BiPAP sounds good in that it has a different pressure for breathing in and then for breathing out. I do wonder though if I may struggle with the pressure though and mentioned this to the technician and she mentioned they have a ramp feature on them. The trouble with the ramp is it takes me a lot longer to go to sleep than the ramp takes to get up to full power, so I will have to wait and see. I am liking the auto CPAP as when then the pressure is low, it is low enough to almost not notice and comfortable enough to sleep on. The technician is confident that the BiPAP works well in cases sounding like mine, so fingers crossed.

I posted this today to provide an update (waffling length I'm afraid - might sort someone's insomnia out!) but to also ask if anyone else has had a similar experience of struggling with CPAP and then moving to BiPAP and whether it is easier or more tolerable.
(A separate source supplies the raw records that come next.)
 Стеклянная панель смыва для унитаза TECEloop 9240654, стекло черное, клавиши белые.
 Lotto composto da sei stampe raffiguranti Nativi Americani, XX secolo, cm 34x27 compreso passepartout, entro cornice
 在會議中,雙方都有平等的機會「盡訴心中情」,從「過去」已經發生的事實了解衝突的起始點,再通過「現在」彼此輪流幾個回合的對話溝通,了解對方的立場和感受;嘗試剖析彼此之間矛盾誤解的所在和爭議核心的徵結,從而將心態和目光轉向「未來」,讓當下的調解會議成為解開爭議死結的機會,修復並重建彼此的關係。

If you've got this far - thanks for reading!


Greg

Hi Greg! Thank you for an honest and very helpful post. I am sorry that you are still finding it hard to get a good night's sleep and would have hoped that the APAP that you'd been given would be the answer.

Good luck in chasing the solution by other means ... you can still count on the support from members of this site, and you might even in time be able to help others in your situation who are still battling for a good night's sleep.

Sometimes the path to treatment of OSA and related matters does not run smooth and takes longer than one would hope. Please let us know if your next sleep study makes any difference to your treatment and hopefully to your sleep! Many of us are well-built and have experience of trying to reduce our weight, live and sleep normally and stay sane, so you're in good company.